#### [Provided data]
# # #

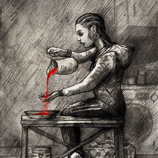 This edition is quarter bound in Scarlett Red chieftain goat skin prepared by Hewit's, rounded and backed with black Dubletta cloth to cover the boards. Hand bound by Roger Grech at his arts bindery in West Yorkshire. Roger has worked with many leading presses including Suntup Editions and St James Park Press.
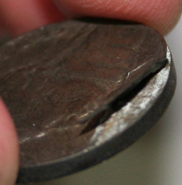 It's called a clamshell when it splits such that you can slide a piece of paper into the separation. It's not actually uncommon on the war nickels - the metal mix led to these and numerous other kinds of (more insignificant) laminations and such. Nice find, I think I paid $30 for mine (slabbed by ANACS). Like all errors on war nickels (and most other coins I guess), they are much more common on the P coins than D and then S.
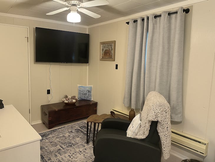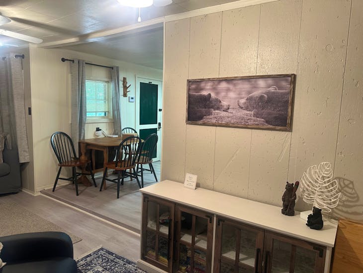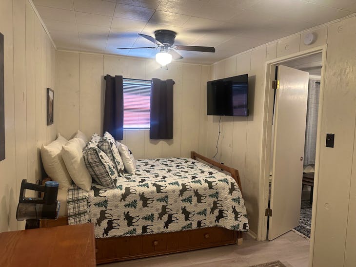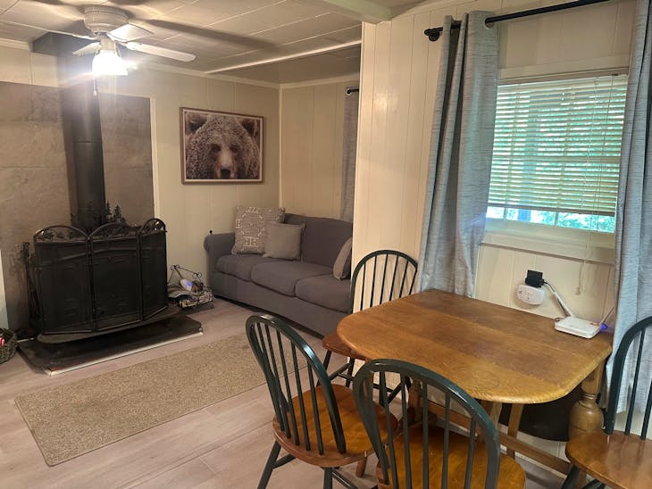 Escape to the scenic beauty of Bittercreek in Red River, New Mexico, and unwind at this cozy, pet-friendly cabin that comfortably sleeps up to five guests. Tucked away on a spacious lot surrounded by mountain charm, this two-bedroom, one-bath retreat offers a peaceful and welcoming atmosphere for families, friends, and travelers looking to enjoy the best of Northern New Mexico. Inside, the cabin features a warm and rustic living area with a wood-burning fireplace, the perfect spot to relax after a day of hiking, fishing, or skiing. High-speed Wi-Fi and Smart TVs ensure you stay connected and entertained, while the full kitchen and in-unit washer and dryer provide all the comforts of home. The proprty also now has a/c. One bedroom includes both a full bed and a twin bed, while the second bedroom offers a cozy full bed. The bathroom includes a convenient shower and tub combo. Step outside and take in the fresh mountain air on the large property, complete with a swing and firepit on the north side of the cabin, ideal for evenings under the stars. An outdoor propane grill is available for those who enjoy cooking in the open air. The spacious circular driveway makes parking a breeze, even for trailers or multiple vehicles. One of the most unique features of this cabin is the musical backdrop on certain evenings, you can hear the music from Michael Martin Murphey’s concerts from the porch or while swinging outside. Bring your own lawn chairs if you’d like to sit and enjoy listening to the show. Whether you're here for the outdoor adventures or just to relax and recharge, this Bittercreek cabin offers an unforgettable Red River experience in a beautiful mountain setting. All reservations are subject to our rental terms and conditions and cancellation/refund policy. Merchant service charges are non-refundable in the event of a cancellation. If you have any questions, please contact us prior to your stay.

# # #

#### [Exercise directions]
Without the pictures, repeat the listing word for word.

#### [Result for this exercise]
 This edition is quarter bound in Scarlett Red chieftain goat skin prepared by Hewit's, rounded and backed with black Dubletta cloth to cover the boards. Hand bound by Roger Grech at his arts bindery in West Yorkshire. Roger has worked with many leading presses including Suntup Editions and St James Park Press.
 It's called a clamshell when it splits such that you can slide a piece of paper into the separation. It's not actually uncommon on the war nickels - the metal mix led to these and numerous other kinds of (more insignificant) laminations and such. Nice find, I think I paid $30 for mine (slabbed by ANACS). Like all errors on war nickels (and most other coins I guess), they are much more common on the P coins than D and then S.
 Escape to the scenic beauty of Bittercreek in Red River, New Mexico, and unwind at this cozy, pet-friendly cabin that comfortably sleeps up to five guests. Tucked away on a spacious lot surrounded by mountain charm, this two-bedroom, one-bath retreat offers a peaceful and welcoming atmosphere for families, friends, and travelers looking to enjoy the best of Northern New Mexico. Inside, the cabin features a warm and rustic living area with a wood-burning fireplace, the perfect spot to relax after a day of hiking, fishing, or skiing. High-speed Wi-Fi and Smart TVs ensure you stay connected and entertained, while the full kitchen and in-unit washer and dryer provide all the comforts of home. The proprty also now has a/c. One bedroom includes both a full bed and a twin bed, while the second bedroom offers a cozy full bed. The bathroom includes a convenient shower and tub combo. Step outside and take in the fresh mountain air on the large property, complete with a swing and firepit on the north side of the cabin, ideal for evenings under the stars. An outdoor propane grill is available for those who enjoy cooking in the open air. The spacious circular driveway makes parking a breeze, even for trailers or multiple vehicles. One of the most unique features of this cabin is the musical backdrop on certain evenings, you can hear the music from Michael Martin Murphey’s concerts from the porch or while swinging outside. Bring your own lawn chairs if you’d like to sit and enjoy listening to the show. Whether you're here for the outdoor adventures or just to relax and recharge, this Bittercreek cabin offers an unforgettable Red River experience in a beautiful mountain setting. All reservations are subject to our rental terms and conditions and cancellation/refund policy. Merchant service charges are non-refundable in the event of a cancellation. If you have any questions, please contact us prior to your stay.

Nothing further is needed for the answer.